I found that the I'm getting a 403 because TomEERealm.hasResourcePermission()
compares my logged in role (Administrator) with the only security constraint
that it has within its context (which is 'default').  I would have assumed
that somehow the @DeclareRoles(value = {"Administrator"}) would have also
added a security constraint for 'Administrator'.  But since only 'default'
exists, the method returns false for hasRole().

RealmBase.hasResourcePermission() (base class of TomEERealm)
 - roles == [default]
 - principle == GenericPrincipal[tomee(Administrator,)]

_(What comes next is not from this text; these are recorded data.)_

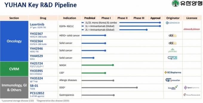¿¬±¸°³¹ß(R&D)µµ Ȱ¹ßÈ÷ ÁøÇàµÇ°í ÀÖ´Ù´Â °Ô À¯ÇѾçÇà ¼³¸íÀÌ´Ù. ȸ»ç °ü°èÀÚ´Â "ÁÖ¿ä ÆÄÀÌÇÁ¶óÀÎ(½Å¾àÈĺ¸¹°Áú)ÀÇ °¡Ä¡¸¦ ³ôÀ̱â À§ÇÑ °³¹ßÀÌ ¼øÁ¶·Ó°Ô ÁøÇà Áß"À̶ó¸ç "'³Ø½ºÆ® ·º¶óÀÚ'·Î ¼ºÀåÇϰí ÀÖ´Â ¾Ë·¹¸£±â Ä¡·áÁ¦ '·¹½Ã°Ô¸£¼ÁÆ®'°¡ ÃÖ±Ù ½ÄǰÀǾàǰ¾ÈÀüó·ÎºÎÅÍ ÀÓ»ó 2»ó ½ÃÇè°èȹÀ» ½ÂÀι޴ µî ´Ù±¹°¡ ÀÓ»óÀ» ÁøÇàÇÒ ¿¹Á¤"À̶ó°í ¸»Çß´Ù. À̾î "FGF21°ú ±Û·çÄ«°ï À¯»ç ÆéŸÀ̵å(GLP)-1 ÀÌÁßÀÛ¿ëÁ¦ 'YH25724'ÀÇ ÈÄ¼Ó ÀÓ»óÀ» ±âȹÇϰí ÀÖÀ¸¸ç, °³¹ß ÁßÀÎ °æ±¸¿ë ÀúºÐÀÚ GLP-1 ºñ¸¸ Ä¡·áÁ¦¸¦ ¿¬¸»±îÁö ÃÖÀû ¼±µµ¹°ÁúÀ» È®º¸ÇÒ °èȹ"À̶ó°í ¹àÇû´Ù.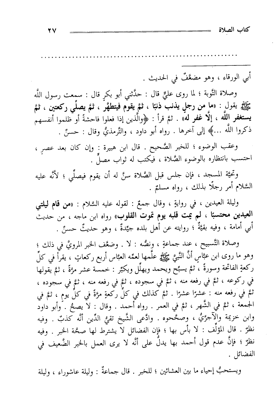 وصلاة التسبيح عند جماعة ونصه لا وضعف الخبر المروي في ذلك وهو ما روى ابن عباس أن النبي صلى الله عليه وسلم علمها لعمه العباس أربع ركعات يقرأ في كل ركعة الفاتحة وسورة ثم يسبح ويحمد ويهلل ويكبر خمسة عشر مرة ثم يقولها في ركوعه ثم في رفعه منه ثم في سجوده ثم في رفعه منه ثم في سجوده ثم في رفعه منه عشرا عشرا ثم كذلك في كل ركعة مرة في كل يوم ثم في الجمعة ثم في الشهر ثم في العمر رواه أحمد وقال لا يصح وأبو داود وابن خزيمة والآجري وصححوه وادعى الشيخ تقي الدين أنه كذب وفيه نظر قال المؤلف لا بأس بها فإن الفضائل لا يشترط لها صحة الخبر وفيه نظر فإن عدم قول أحمد بها يدل على أنه لا يرى العمل بالخبر الضعيف في الفضائل.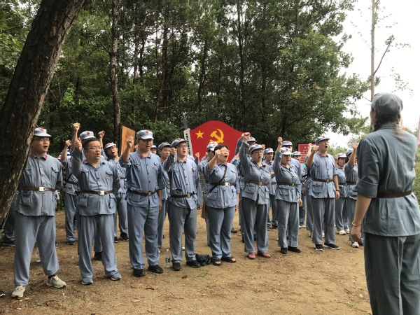 经过两个半小时的车程,党员教师到达目的地。随后,党员教师们热情高昂地换上红军装、领齐装备,完成分班建制便即刻转换角色,进入长征精神体验园,亲历红二十五军和中央红军长征的真实情景。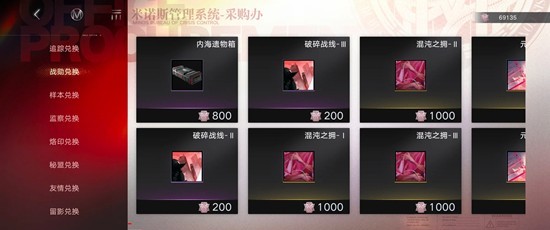 样本兑换:在深井副本中获取的材料,可以兑换角色专烙所需材料。建议优先兑换每月折扣的道具,先换金色,再换紫色,蓝色的材料可以暂缓兑换。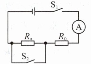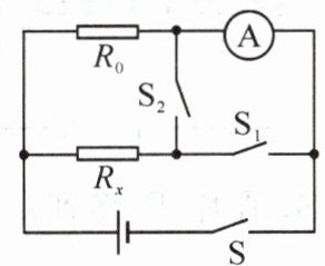6. 小张同学设计了一种测电阻的方法,电路图如图所示。$R_{x}$为待测电阻,电源电压恒定,$R_{0}$为阻值已知的定值电阻。实验步骤如下: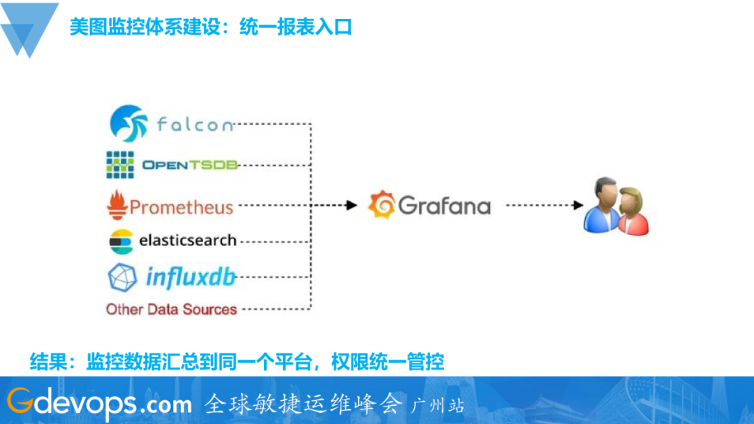 因此,统一将收纳到Grafana的监控数据源全都归纳进来,解决了上述问题。Grafana目前是我们在做监控数据可视化的一个事实标准,常用的数据源大都是支持的,使用起来非常便利。(当然也还是有些数据的可视化、数据查询能力是不及原生UI的,我们会组合使用,比如Elastic的Kibana。)我们把之前散落的监控数据汇总到了同一个平台做展示,去做统一的权限管控,之前散落、割裂的情况得到了一定的改善。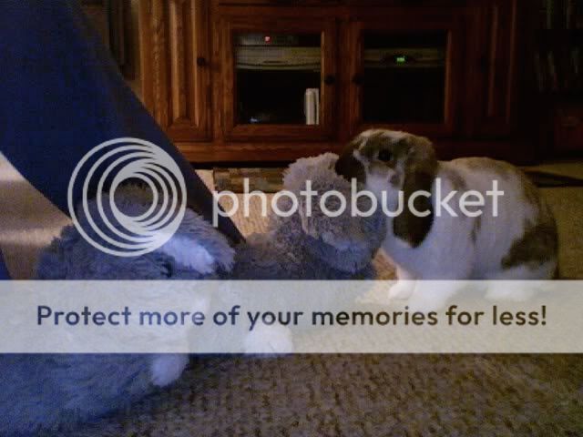 I posted before that Archie was humping my bunny slippers…it stopped for a little while but the other day he came out and humped them a bit (rotating between the two…although he prefers the right bunny foot).  My husband was laughing at me dragging my bun that was clinging onto my slipper into the living room   He loves to clean their ears and if I don’t stay still he puts his paws on their head to try to keep them still so he can clean them and follow or cling onto them in order to clean them!     So cute!  I wonder if his previous owner had another bun that he was with….  I think he’d get along with a girl bunny.  Do you have to seperate 2 buns or can you leave them in one cage?  ( I know at first you wouldn’t do that in order to bond them)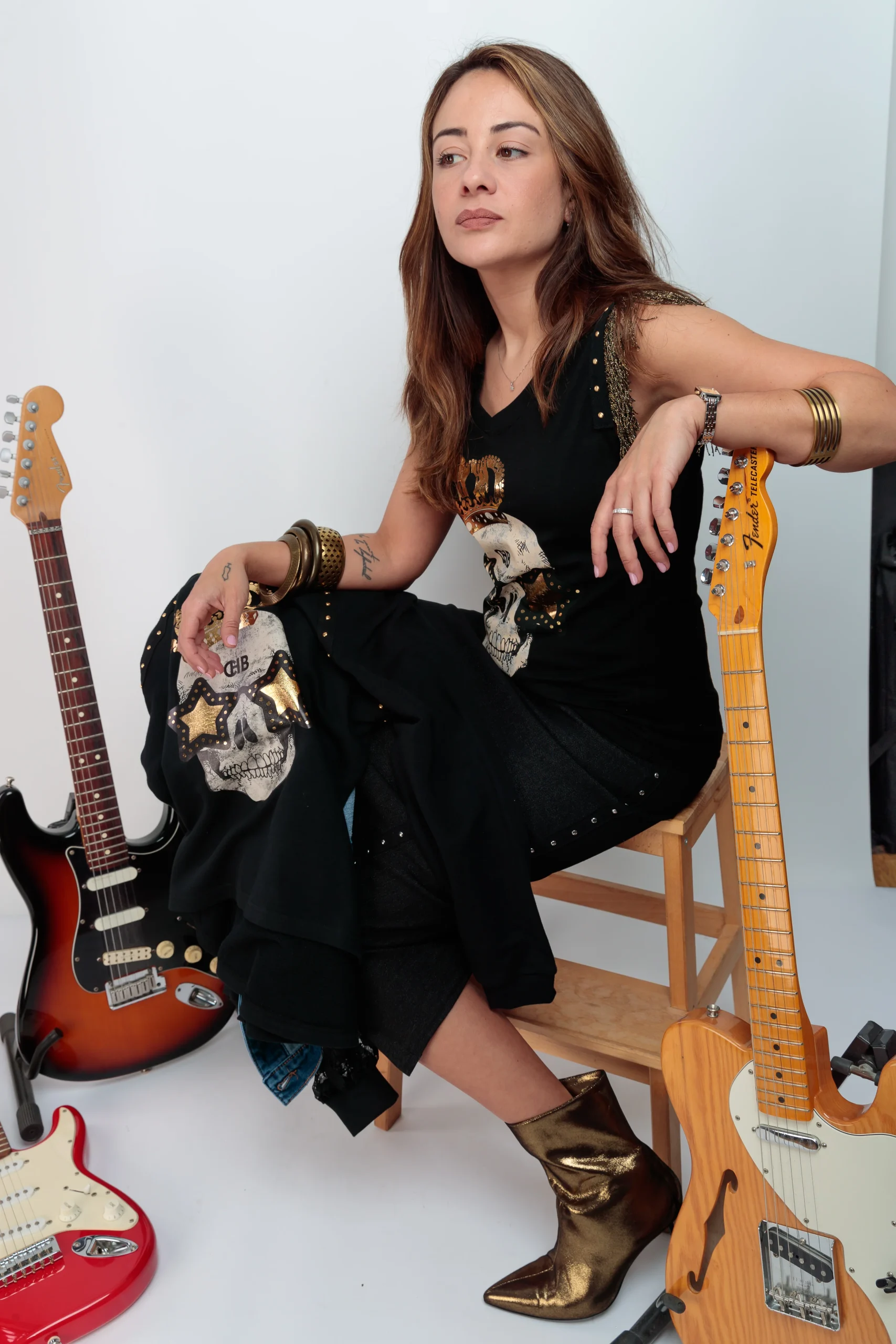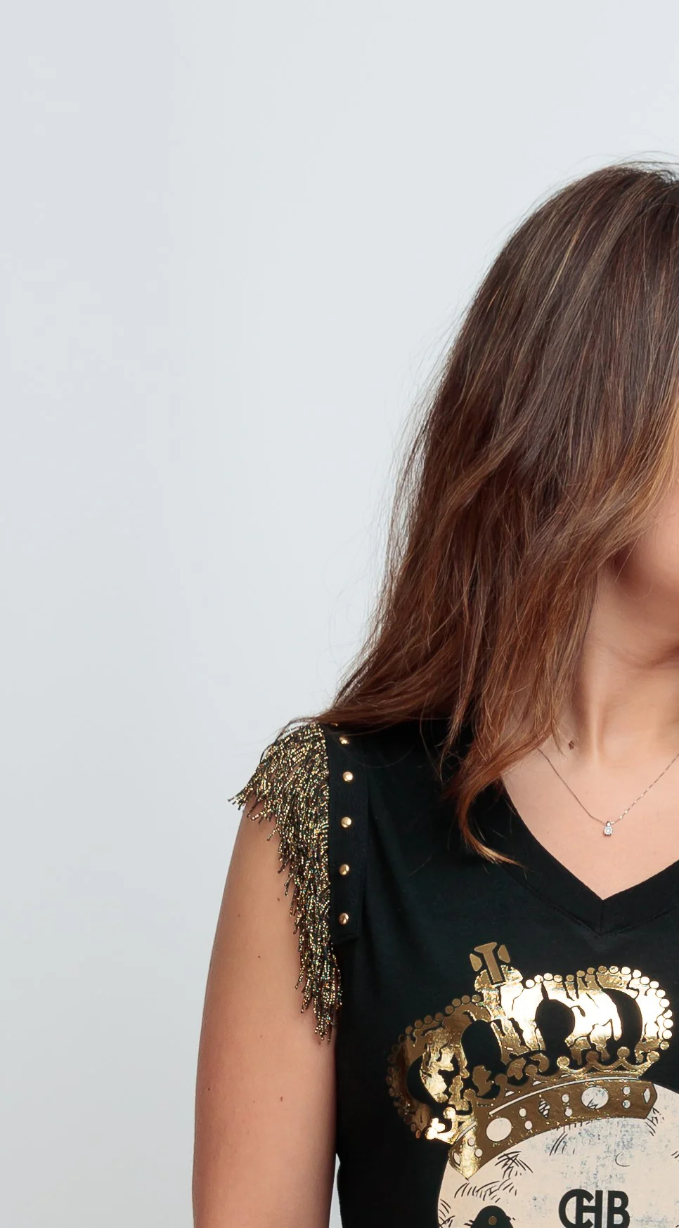 Camiseta de algodón, cuello pico, corte recto. Detalle de flecos con tachuelas en las sisas. Estampación frontal.

                 for (int j = 0; j < roles. length; j++) {
                    if (hasRole( null, principal, roles[j])) {
                        status = true ;
                        if ( log .isDebugEnabled() )
                            log .debug( "Role found:  " + roles[j]);
                    }
                    else if ( log.isDebugEnabled() )
                        log .debug( "No role found:  " + roles[j]);
                }

I then took a look to see how the security constraints are built.  Below is
the only reference I see to adding security roles (and is where the
'default' is coming from):

TomcatWsRegistry.createNewContext(ClassLoader, String, String, String,
String) 
            SecurityConstraint sc = new SecurityConstraint();
            sc.addAuthRole( "*" );
            sc.addCollection(collection);
            sc.setAuthConstraint( true );
            sc.setUserConstraint(transportGuarantee);
            context.addConstraint(sc);
            context. addSecurityRole( "default");

Could this have something to do with me deploying my webservice as a jar
(and not within a war - defining constraints within web.xml)?  How else
would the WS's declared roles be added?